» WORK INSTRUCTIONS: Look below for the line that has "Parallels were drawn". Set down the lines from there through the line that has "Crafted in sleek, light", exactly as written.
Top of SOURCE MATERIAL
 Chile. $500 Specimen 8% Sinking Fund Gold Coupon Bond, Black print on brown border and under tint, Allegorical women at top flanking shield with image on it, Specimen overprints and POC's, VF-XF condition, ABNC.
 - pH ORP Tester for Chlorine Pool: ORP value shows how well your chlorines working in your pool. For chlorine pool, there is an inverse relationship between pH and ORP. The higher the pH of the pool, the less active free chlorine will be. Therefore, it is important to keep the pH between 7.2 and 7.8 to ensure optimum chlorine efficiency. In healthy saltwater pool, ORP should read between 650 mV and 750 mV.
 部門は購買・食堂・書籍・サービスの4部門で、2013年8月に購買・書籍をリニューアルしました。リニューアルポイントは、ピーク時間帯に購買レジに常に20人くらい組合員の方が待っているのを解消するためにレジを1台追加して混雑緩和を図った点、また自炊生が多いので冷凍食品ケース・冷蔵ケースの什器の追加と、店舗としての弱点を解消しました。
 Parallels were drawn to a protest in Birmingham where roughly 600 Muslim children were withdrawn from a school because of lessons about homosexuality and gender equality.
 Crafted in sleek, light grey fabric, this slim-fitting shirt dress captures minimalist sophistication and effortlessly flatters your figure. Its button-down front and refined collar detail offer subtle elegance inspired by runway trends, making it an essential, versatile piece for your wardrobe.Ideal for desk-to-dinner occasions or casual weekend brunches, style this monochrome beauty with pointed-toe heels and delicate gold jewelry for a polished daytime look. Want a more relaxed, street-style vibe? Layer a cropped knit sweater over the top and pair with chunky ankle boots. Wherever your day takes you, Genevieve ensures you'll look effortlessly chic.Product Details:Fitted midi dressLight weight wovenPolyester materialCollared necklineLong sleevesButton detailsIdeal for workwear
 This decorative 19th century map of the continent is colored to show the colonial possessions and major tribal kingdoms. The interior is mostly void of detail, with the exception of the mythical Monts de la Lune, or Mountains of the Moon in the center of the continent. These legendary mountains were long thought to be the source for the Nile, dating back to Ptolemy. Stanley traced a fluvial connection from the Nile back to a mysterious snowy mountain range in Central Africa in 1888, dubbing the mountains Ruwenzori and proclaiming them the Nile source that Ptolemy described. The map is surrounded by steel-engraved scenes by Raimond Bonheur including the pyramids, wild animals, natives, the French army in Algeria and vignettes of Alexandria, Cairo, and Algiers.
Bottom of SOURCE MATERIAL
» RESULT:
 Parallels were drawn to a protest in Birmingham where roughly 600 Muslim children were withdrawn from a school because of lessons about homosexuality and gender equality.
 Crafted in sleek, light grey fabric, this slim-fitting shirt dress captures minimalist sophistication and effortlessly flatters your figure. Its button-down front and refined collar detail offer subtle elegance inspired by runway trends, making it an essential, versatile piece for your wardrobe.Ideal for desk-to-dinner occasions or casual weekend brunches, style this monochrome beauty with pointed-toe heels and delicate gold jewelry for a polished daytime look. Want a more relaxed, street-style vibe? Layer a cropped knit sweater over the top and pair with chunky ankle boots. Wherever your day takes you, Genevieve ensures you'll look effortlessly chic.Product Details:Fitted midi dressLight weight wovenPolyester materialCollared necklineLong sleevesButton detailsIdeal for workwear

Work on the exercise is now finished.